Их четырехлетняя дочь, услышав голос отца, с веселым визгом прибежала из гостиной и ухватилась за его ногу.
Он рассеянно погладил ее по головке и сердито спросил:
— Что это за господин?
— Не знаю… такой представительный… похоже, порядочный. Пришел около десяти, позвонил в дверь. Говорит, прочел объявление. Я не могла ему отказать.
— Ты знаешь, что я не желаю видеть здесь никаких мужчин! — сказал Ганев, направляясь к кухне.
Неприятная новость грозила испортить ему весь обед.

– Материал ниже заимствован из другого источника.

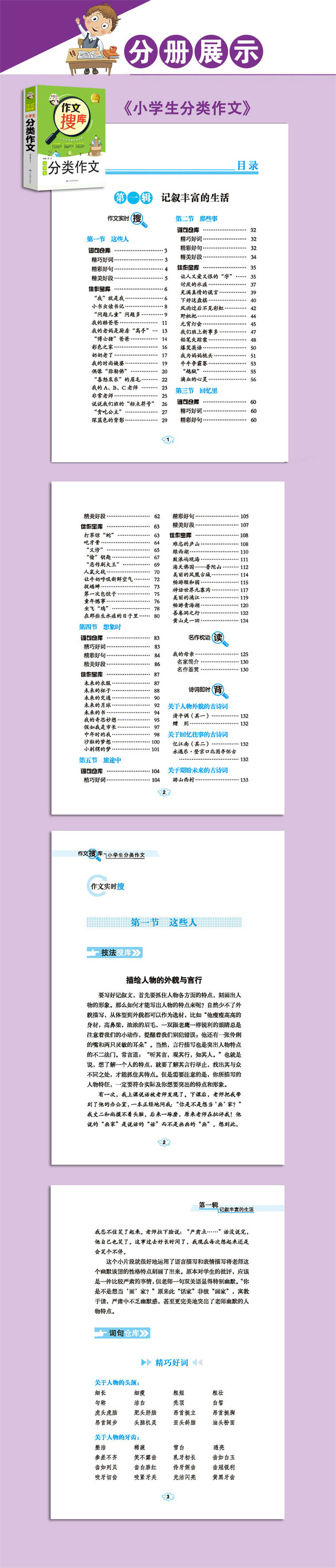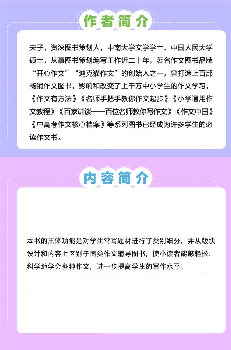 本书的主体功能是对学生常写题材进行了类别细分,并从版块设计和内容上区别于同类作文辅导图书,使小读者能够轻松、科学地学会各种作文,进一步提高学生的写作水平。

Стол, накрытый белоснежной скатертью, сверкающие чистотой приборы; на стене — ряд банок из дешевого фаянса, развешанных красиво, точно в аптеке; диванчик у стены, на котором он любил отдыхать после обеда, почитывая газету, — весь привычный уют этого уголка, излучавшего специфический запах семьи, заставил его сердце сжаться так, как будто ему предстояло поделиться всем этим с незнакомым мужчиной, который въезжал в его дом.
Огорченный, он сел за стол, забыв даже переодеться, как обычно, в старый костюм.

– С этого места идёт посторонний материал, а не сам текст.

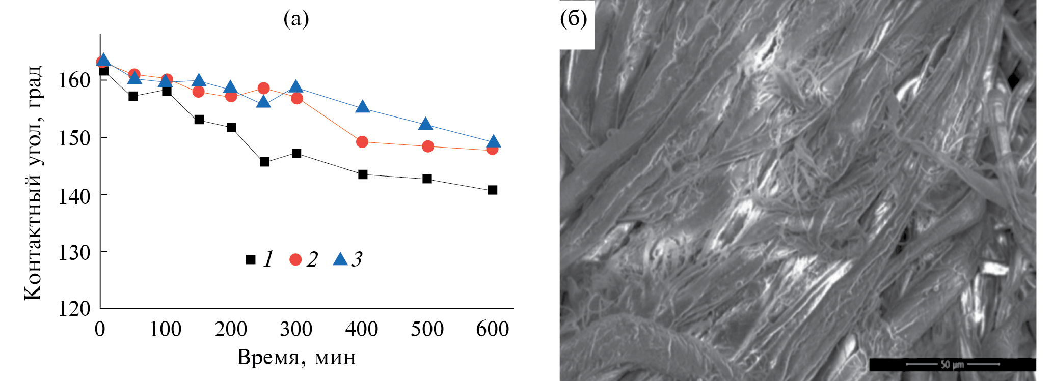 Волокна ХБТ в результате механического воздействия способны к обратимой деформации, что обеспечивает увеличение устойчивости гидрофобных свойств поверхности ХБТ, модифицированной сополимерами на основе фторалкилметакрилатов, к абразивному воздействию. Из рис. 8б видно, что на ткани в результате абразивного теста наблюдается разрушение поверхностных волокон и образование новой поверхности. Стоит отметить, что в ходе модификации молекулы гидрофобизатора могут закрепляться не только на поверхности волокон, но и мигрировать вглубь, что позволяет получать материалы, способные к восстановлению свойств. В результате отмывки образцов ХБТ, подвергнутых испытанию в течение 600 мин, в МЭК наблюдается восстановление углов смачивания выше 160° за счет подвижности микроструктуры и перераспределения макромолекул модификатора на поверхности волокон и микроволокон.

Девочка забралась к нему на колени, но он отстранил ее:
— Погоди, Мими, я опоздаю на работу.
— Сегодня в бойлере не было воды, — сказала жена, пытаясь его отвлечь. Она поставила на стол кастрюлю с супом из шпината, из которой торчала длинная голубая ручка половника, и продолжала:- И в трубах такой треск стоял, я боялась — лопнут.
— Трак, трак, трак! Вот так трещали, папочка, — встряла Мими, весело размахивая кухонным ножом.
— Когда готовишь, не лей воду зря, — сказал он строго, чтобы покончить с вопросом о бойлере, и добавил: — Этот господин оставил задаток?
— Оставил, — сказала жена.
— Когда придет, вернешь ему!
— Но он заплатил вперед за целый месяц, — смущенно ответила она.
— Пф! — Он сделал негодующий жест. — Я же сказал тебе, что комнатой буду заниматься я… Чтобы в собственном доме не было покоя!..
— Что ж мне теперь делать? — виновато спросила жена. — Вешаться, что ли? Сама не знаю, почему я согласилась, какое-то затмение нашло. Теперь и я жалею. Переоденься, в этом костюме тебе неудобно обедать.
Привычке надевать перед обедом старый, изношенный костюм он не изменял никогда: Ганев берег свою одежду, как женщины берегут любимые платья.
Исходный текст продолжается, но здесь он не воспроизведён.